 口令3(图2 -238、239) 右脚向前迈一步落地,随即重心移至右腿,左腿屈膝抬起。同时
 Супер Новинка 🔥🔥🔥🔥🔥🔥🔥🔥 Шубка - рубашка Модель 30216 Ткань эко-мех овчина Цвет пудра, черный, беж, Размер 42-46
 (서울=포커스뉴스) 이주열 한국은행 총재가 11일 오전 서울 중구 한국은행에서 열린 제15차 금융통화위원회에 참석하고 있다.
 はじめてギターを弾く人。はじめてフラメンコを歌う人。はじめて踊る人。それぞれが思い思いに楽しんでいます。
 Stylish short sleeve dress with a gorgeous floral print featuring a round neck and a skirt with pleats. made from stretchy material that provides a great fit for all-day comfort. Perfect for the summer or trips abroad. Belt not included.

■ ■ ■ ■ ■

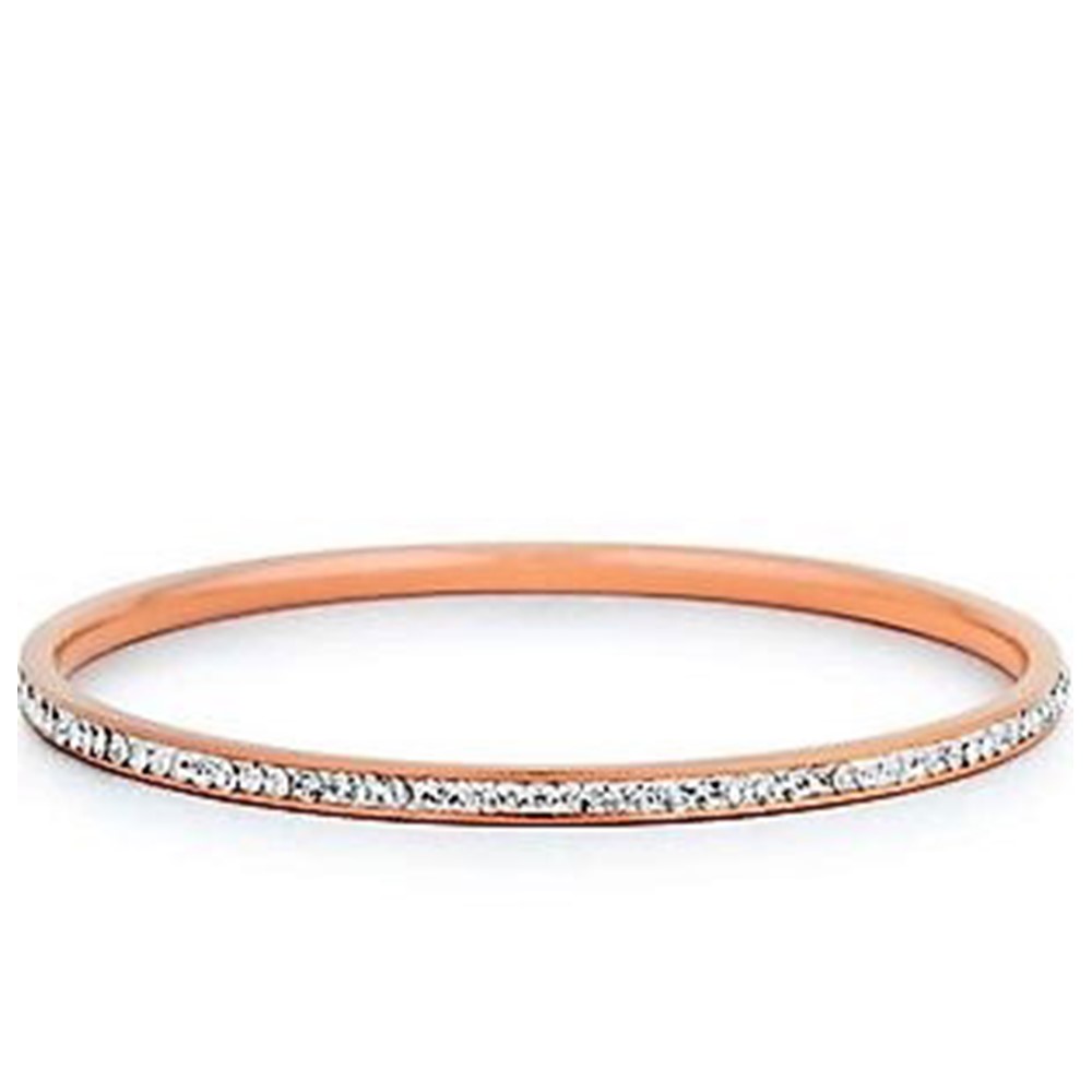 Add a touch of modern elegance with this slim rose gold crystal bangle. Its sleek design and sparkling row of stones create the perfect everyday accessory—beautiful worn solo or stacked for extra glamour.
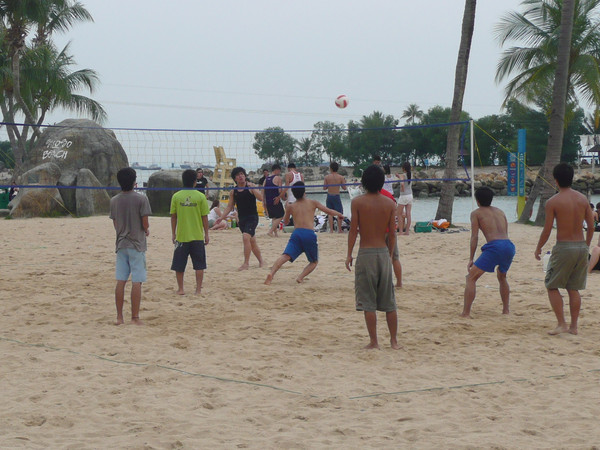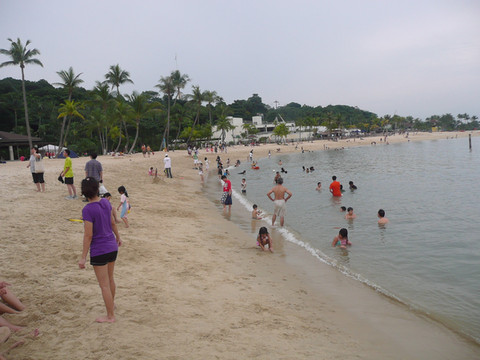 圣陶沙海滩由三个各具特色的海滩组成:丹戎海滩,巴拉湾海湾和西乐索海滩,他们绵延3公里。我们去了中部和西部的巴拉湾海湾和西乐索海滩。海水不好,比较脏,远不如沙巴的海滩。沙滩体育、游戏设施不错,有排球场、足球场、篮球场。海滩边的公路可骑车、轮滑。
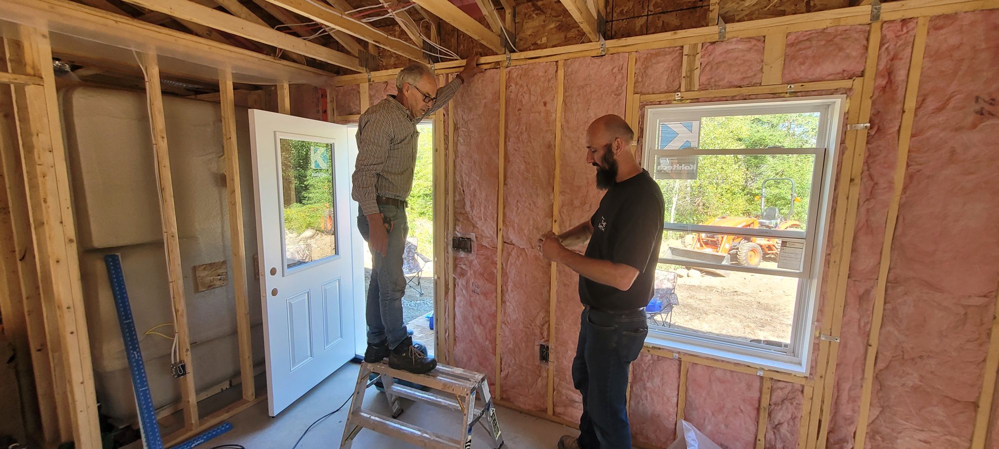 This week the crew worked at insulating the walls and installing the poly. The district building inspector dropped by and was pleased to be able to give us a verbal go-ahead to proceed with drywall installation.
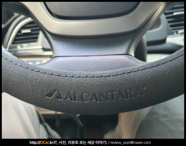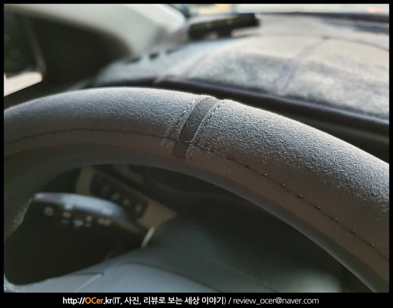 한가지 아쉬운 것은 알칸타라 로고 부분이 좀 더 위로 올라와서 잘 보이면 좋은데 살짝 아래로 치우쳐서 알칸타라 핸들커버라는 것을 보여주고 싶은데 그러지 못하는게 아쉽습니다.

■ ■ ■ ■ ■

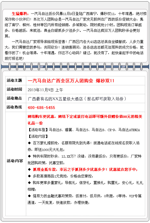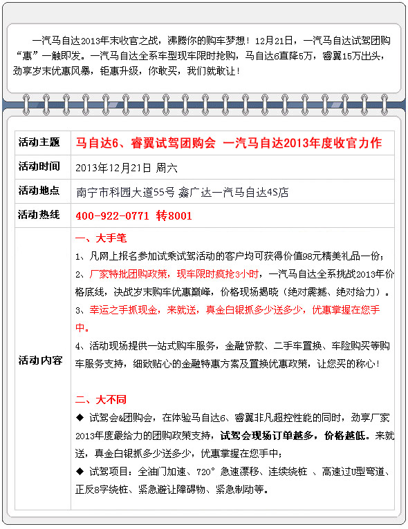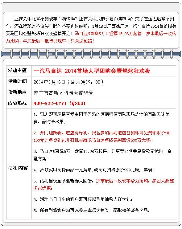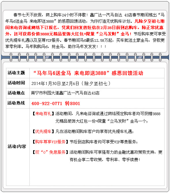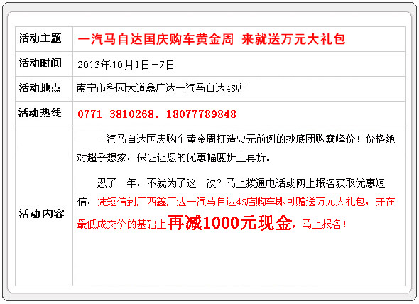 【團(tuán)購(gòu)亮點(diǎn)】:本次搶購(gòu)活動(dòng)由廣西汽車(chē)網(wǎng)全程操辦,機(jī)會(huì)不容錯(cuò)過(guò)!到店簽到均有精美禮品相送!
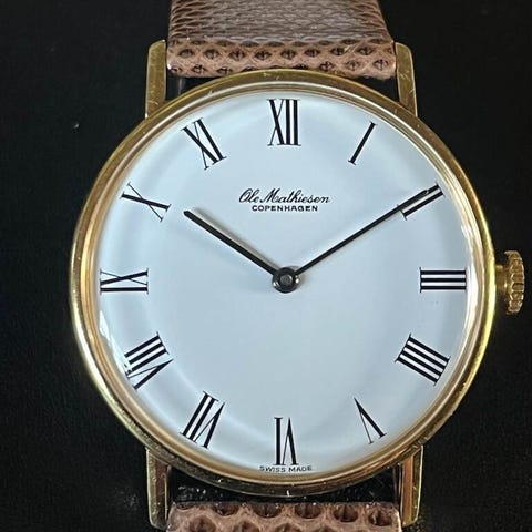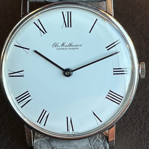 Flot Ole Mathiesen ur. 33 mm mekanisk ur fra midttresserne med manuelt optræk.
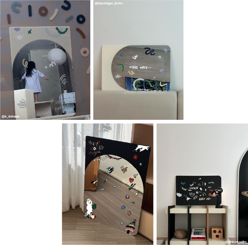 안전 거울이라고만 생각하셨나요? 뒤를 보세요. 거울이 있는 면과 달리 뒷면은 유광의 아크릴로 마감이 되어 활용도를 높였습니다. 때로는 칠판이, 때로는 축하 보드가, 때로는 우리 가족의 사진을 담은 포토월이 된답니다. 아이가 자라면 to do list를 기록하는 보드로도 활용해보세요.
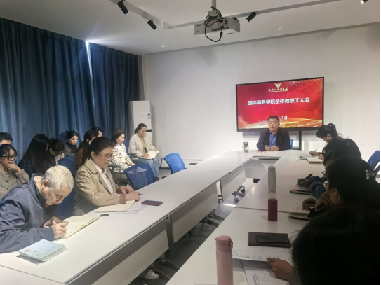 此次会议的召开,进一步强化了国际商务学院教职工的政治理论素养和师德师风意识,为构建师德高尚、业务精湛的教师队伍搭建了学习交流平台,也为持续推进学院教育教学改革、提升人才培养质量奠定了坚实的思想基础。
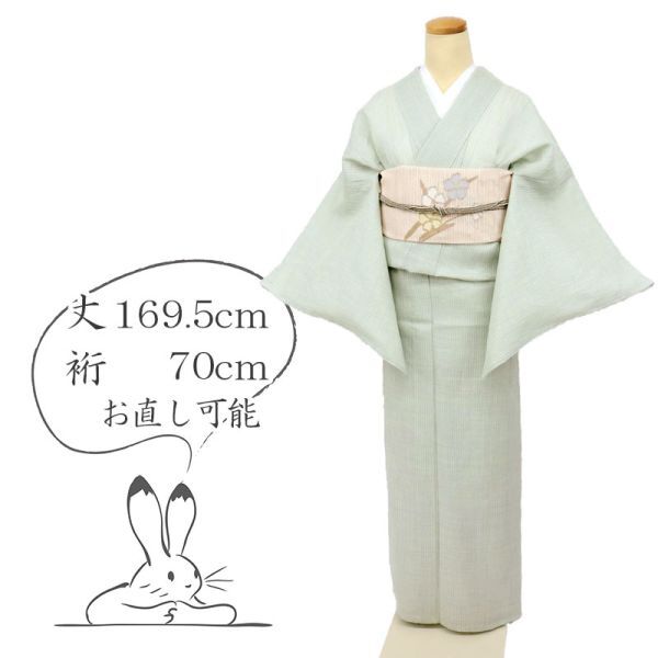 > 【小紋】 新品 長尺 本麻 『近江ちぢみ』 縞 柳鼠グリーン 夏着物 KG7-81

■ ■ ■ ■ ■

** Brief **
Although the records above contain pictures, the copy must not; set down exactly the lines from the one with "Add a touch" up to and including the one with "한가지 아쉬운 것은 알칸타라".

** Task output **
 Add a touch of modern elegance with this slim rose gold crystal bangle. Its sleek design and sparkling row of stones create the perfect everyday accessory—beautiful worn solo or stacked for extra glamour.
 圣陶沙海滩由三个各具特色的海滩组成:丹戎海滩,巴拉湾海湾和西乐索海滩,他们绵延3公里。我们去了中部和西部的巴拉湾海湾和西乐索海滩。海水不好,比较脏,远不如沙巴的海滩。沙滩体育、游戏设施不错,有排球场、足球场、篮球场。海滩边的公路可骑车、轮滑。
 This week the crew worked at insulating the walls and installing the poly. The district building inspector dropped by and was pleased to be able to give us a verbal go-ahead to proceed with drywall installation.
 한가지 아쉬운 것은 알칸타라 로고 부분이 좀 더 위로 올라와서 잘 보이면 좋은데 살짝 아래로 치우쳐서 알칸타라 핸들커버라는 것을 보여주고 싶은데 그러지 못하는게 아쉽습니다.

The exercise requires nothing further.